▸ **GIVEN RECORDS**:
-=-=-
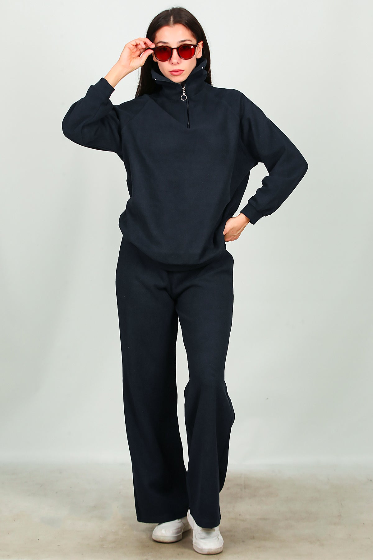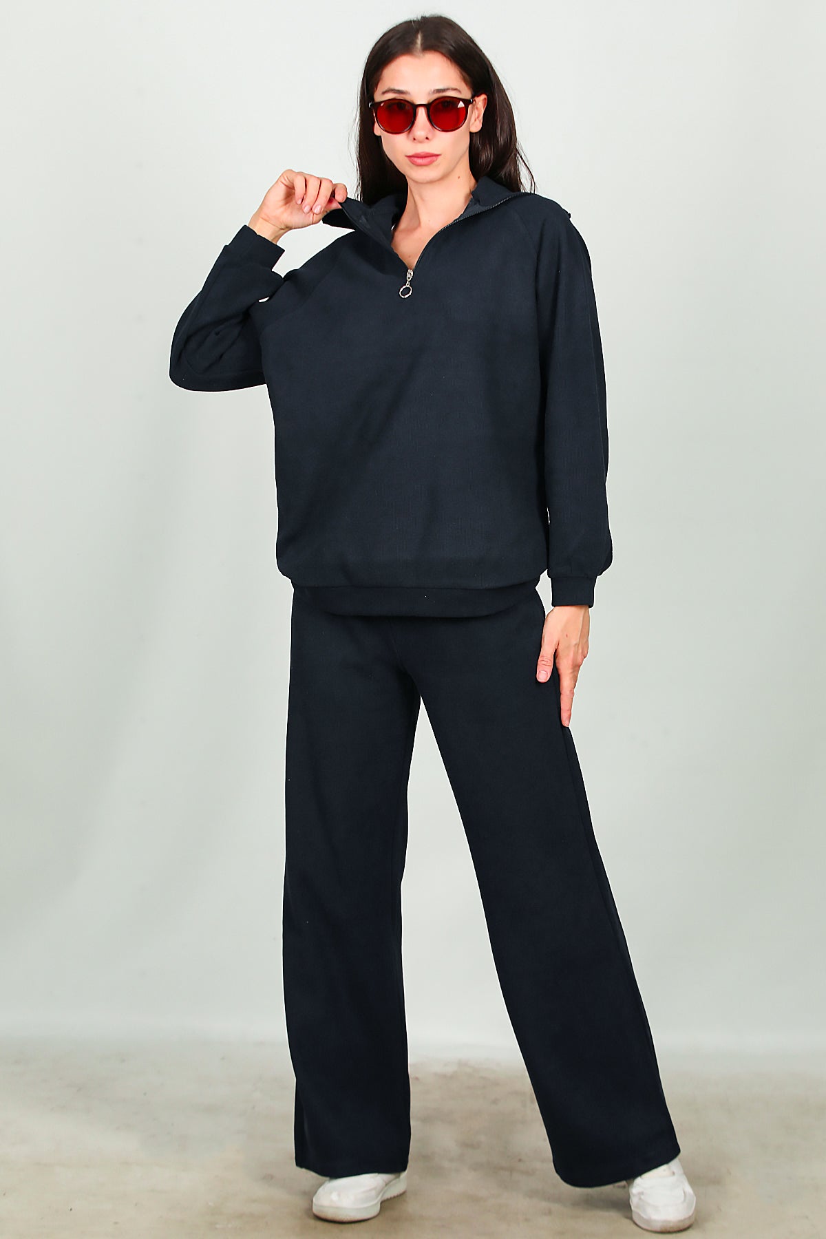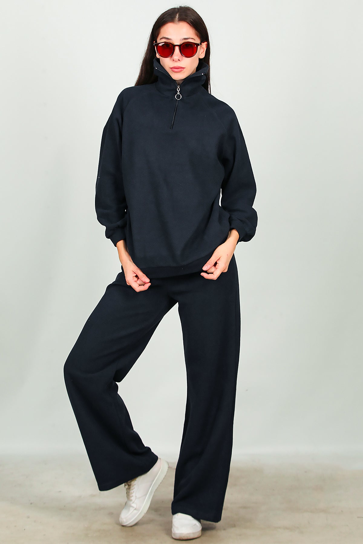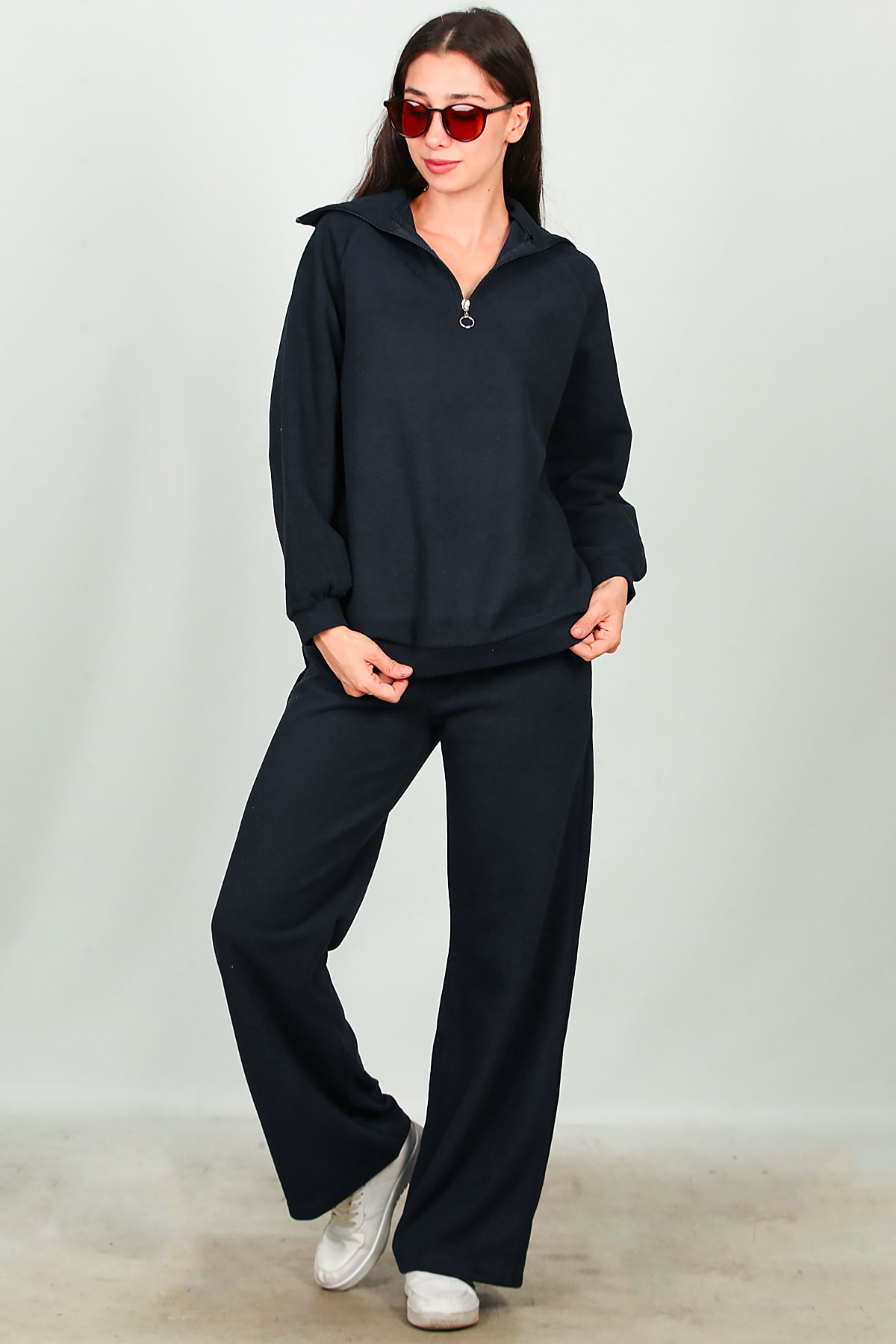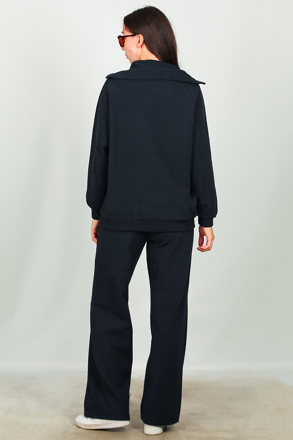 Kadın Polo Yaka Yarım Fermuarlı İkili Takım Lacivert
-=-=-
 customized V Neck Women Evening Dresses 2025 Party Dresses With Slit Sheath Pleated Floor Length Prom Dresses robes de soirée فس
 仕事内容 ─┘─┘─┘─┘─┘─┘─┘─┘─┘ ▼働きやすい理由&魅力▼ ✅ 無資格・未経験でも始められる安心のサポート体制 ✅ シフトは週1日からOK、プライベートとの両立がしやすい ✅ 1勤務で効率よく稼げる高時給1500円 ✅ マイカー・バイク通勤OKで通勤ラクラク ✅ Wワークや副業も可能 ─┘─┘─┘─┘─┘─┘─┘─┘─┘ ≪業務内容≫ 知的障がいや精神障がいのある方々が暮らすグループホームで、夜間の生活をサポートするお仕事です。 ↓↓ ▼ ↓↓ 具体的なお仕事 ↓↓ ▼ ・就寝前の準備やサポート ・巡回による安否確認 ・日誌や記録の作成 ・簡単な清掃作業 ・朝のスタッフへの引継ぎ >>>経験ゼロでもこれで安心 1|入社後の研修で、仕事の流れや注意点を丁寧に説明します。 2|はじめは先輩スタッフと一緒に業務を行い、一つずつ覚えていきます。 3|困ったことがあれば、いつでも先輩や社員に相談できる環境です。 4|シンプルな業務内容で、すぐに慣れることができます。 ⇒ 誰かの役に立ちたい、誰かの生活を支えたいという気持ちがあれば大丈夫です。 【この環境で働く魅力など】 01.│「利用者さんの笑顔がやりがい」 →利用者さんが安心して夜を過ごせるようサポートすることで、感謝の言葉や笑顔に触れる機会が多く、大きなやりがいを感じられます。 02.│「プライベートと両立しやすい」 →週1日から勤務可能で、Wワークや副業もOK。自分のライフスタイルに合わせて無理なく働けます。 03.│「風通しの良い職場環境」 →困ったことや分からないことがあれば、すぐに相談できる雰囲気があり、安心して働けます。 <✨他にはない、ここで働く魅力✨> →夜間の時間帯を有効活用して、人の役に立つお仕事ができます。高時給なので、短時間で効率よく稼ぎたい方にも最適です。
-=-=-
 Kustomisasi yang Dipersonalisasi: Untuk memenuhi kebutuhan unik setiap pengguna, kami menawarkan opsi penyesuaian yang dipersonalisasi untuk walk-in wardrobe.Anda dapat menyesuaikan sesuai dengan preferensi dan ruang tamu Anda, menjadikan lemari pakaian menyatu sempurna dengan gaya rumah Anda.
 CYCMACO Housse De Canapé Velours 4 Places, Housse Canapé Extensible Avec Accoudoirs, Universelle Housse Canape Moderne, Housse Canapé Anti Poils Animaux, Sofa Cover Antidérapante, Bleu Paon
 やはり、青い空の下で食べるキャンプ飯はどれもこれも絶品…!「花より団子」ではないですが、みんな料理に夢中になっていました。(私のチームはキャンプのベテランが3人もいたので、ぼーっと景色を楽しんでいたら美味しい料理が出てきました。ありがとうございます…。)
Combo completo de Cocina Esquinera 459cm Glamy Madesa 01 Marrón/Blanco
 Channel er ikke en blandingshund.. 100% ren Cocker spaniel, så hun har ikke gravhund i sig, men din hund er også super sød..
-=-=-
▸ **YOUR TASK**: From the material above, set down exactly the lines starting at the one with "CYCMACO Housse De" and ending at the one with "Channel er ikke", end lines included.

▸ **EXERCISE OUTPUT**:
 CYCMACO Housse De Canapé Velours 4 Places, Housse Canapé Extensible Avec Accoudoirs, Universelle Housse Canape Moderne, Housse Canapé Anti Poils Animaux, Sofa Cover Antidérapante, Bleu Paon
 やはり、青い空の下で食べるキャンプ飯はどれもこれも絶品…!「花より団子」ではないですが、みんな料理に夢中になっていました。(私のチームはキャンプのベテランが3人もいたので、ぼーっと景色を楽しんでいたら美味しい料理が出てきました。ありがとうございます…。)
Combo completo de Cocina Esquinera 459cm Glamy Madesa 01 Marrón/Blanco
 Channel er ikke en blandingshund.. 100% ren Cocker spaniel, så hun har ikke gravhund i sig, men din hund er også super sød..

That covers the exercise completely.